Overall, the study demonstrates that splenectomy is an effective treatment option for immune-mediated cytopenias with a low complication rate.
Keywords: anemia, immune cytopenia, neutropenia, splenectomy, thrombocytopenia
Introduction
Approximately 22,000 splenectomy procedures are conducted annually in the United States [1]. Although the spectrum of indications for splenectomy has changed over time, besides trauma and major abdominal surgeries, common current indications include hereditary spherocytosis or immune cytopenias [2]. Classic examples of immune-mediated cytopenias are immune thrombocytopenic purpura (ITP), autoimmune hemolytic anemia (AIHA), autoimmune or idiopathic neutropenia (AIN), and combinations of these conditions such as Evans syndrome (ES). These cytopenias can also occur in the context of clonal lymphoproliferative processes such as T-cell large granular lymphocytic leukemia (T-LGL) or chronic lymphocytic leukemia [3, 4]. In some instances, splenectomy as a procedure for refractory immune cytopenias helps in establishing a correct histopathologic diagnosis [5]. The outcomes of splenectomy have been reported in a few retrospective case series for individual conditions such as ES [6], AIN [7], and AIHA [8]. Less commonly reported outcomes include Felty’s syndrome (FS), wherein splenectomy was historically used prior to the advent of disease-modifying agents with immediate albeit transient resolution of neutropenia and T-LGL with an overall response rate (ORR) of 56% [4]. Despite these reports, prospective randomized trials are currently not available to guide therapeutic decisions.

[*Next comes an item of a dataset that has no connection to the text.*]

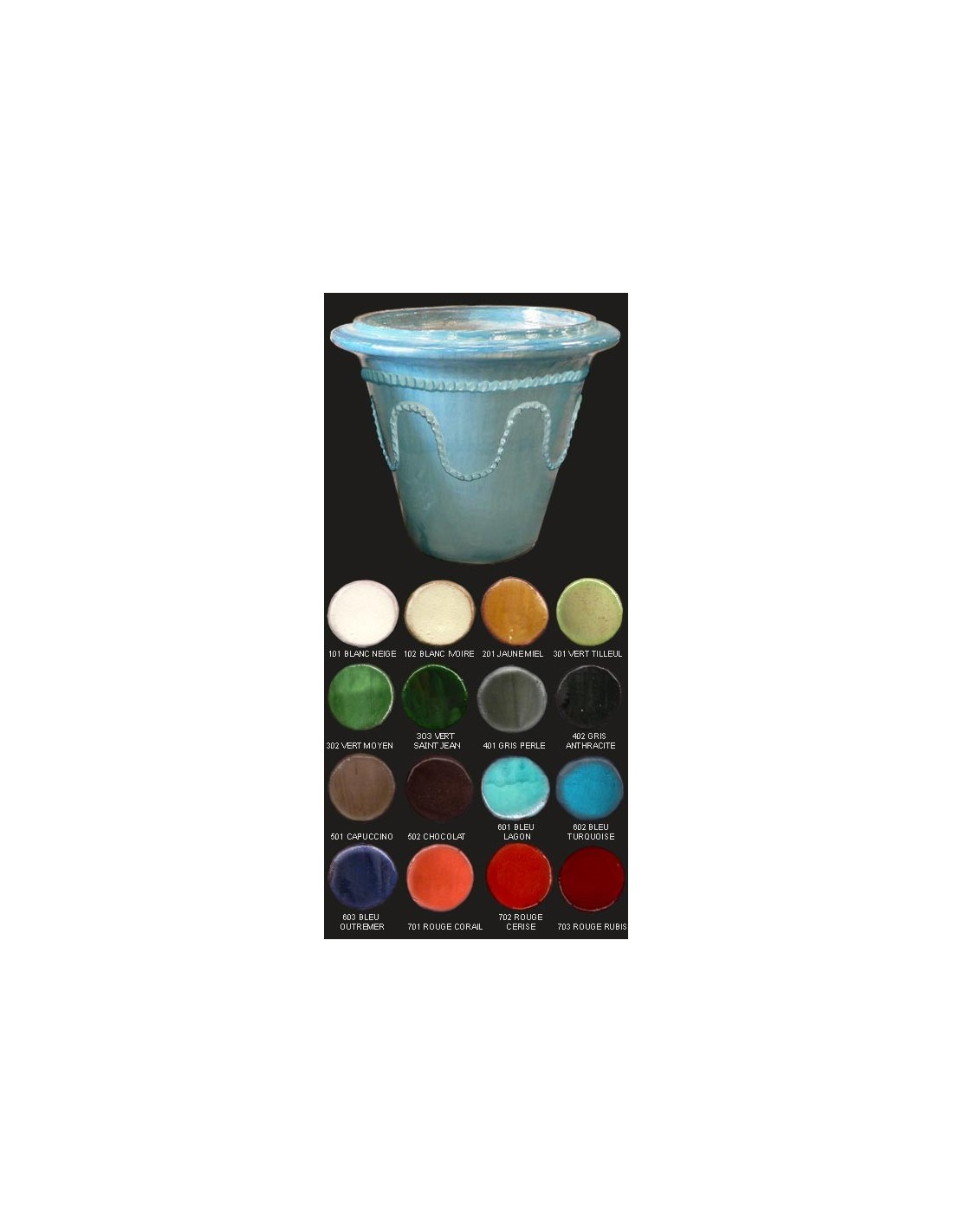 Vase COMPOSTELLE, Diamètre 78 cm, décor Serpentin Caractéristiques: La fabrication faite entièrement dans les ateliers de Saint Jean de Fos est artisanale et manuelle. Après montage, le vase est engobé puis suit une longue période de séchage. L'émaillage fait à l'arrosoir permet d'obtenir des nuances superbes dues au choix des oxydes et aux superpositions. Après une longue cuisson, les vases les plus clairs peuvent être vieillis par sablage puis application manuelle d'une patine. Dimensions: Diamètre extérieur: 78 cm, Diamètre intérieur: 60 cm, Hauteur: 66 cm. Nos vases étant réalisés de façon artisanale, les couleurs, les poids et dimensions sont indicatifs. Nous vous conseillons d'utiliser nos vases comme cache-pots, en décoration intérieure ou extérieure, ou de les isoler du contact de l'eau contenue dans la terre et la plante par un hydrofuge liquide ou un voile d'hivernage. Il est préférable de rentrer les vases de petite taille en période hivernale.

Over the past two decades, guidelines for ITP treatment have shifted significantly. Initially considered a second-line option, splenectomy is now frequently delayed, becoming a third-line choice after the failure of rituximab and/or thrombopoietin-receptor agonists (TPORa) [9]. The discovery of TPORas in the 2000s marked a significant turning point, and their subsequent integration into medical practice in the 2010s was driven by their dual purpose: either to achieve stable responses or to serve as a bridge to splenectomy [10, 11]. These changes are clearly reflected in the latest American Society of Hematology guidelines and an updated international consensus report [12, 13]. In the context of AIHA, both splenectomy and rituximab have traditionally been considered second-line treatments, with initial expert preference for splenectomy due to its ability to provide a durable response lasting beyond 2 years [14]. However, over the past decade, the use of splenectomy has waned. This decline can be attributed to challenges in identifying individual likelihood to respond to this invasive procedure and concerns related to infection risks [14, 15] to the extent that British recommendations have now positioned splenectomy as a third-line treatment option [16]. Conversely, there are no clear guidelines regarding the timing of splenectomy in AIN [17].

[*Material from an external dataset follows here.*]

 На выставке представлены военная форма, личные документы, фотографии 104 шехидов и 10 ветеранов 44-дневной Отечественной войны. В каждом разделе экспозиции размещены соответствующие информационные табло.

Concomitantly, advances in surgical laparoscopic techniques and mandatory systematic administration of modern vaccines have resulted in shorter hospital length of stays (LOS) with fewer complications, rapid convalescence, and lower costs compared to the previous decades [18]. Moreover, patient preferences may favor long-term durable response over medical management [19].
These considerations alongside the lack of evidenced-based recommendations regarding the timing of splenectomy with respect to other therapies provided us an impetus to compile this study and update older and smaller series. Therefore, the primary aim of this study was to determine the clinical outcomes of adult patients who underwent splenectomy for immune cytopenias following the failure of conventional standard of care therapies to identify the most suitable indications for this procedure and the factors associated with clinical response.
Methods
We retrospectively reviewed a cohort of patients who underwent splenectomy at the Cleveland Clinic between 2002 and 2020 (n = 1824) in accordance with the IRB-approved retrospective data analysis registry protocol. Written informed consent for publication was obtained from patients. Patients were referred to surgery department based on indication from our program as well as directly from other physicians outside our institution.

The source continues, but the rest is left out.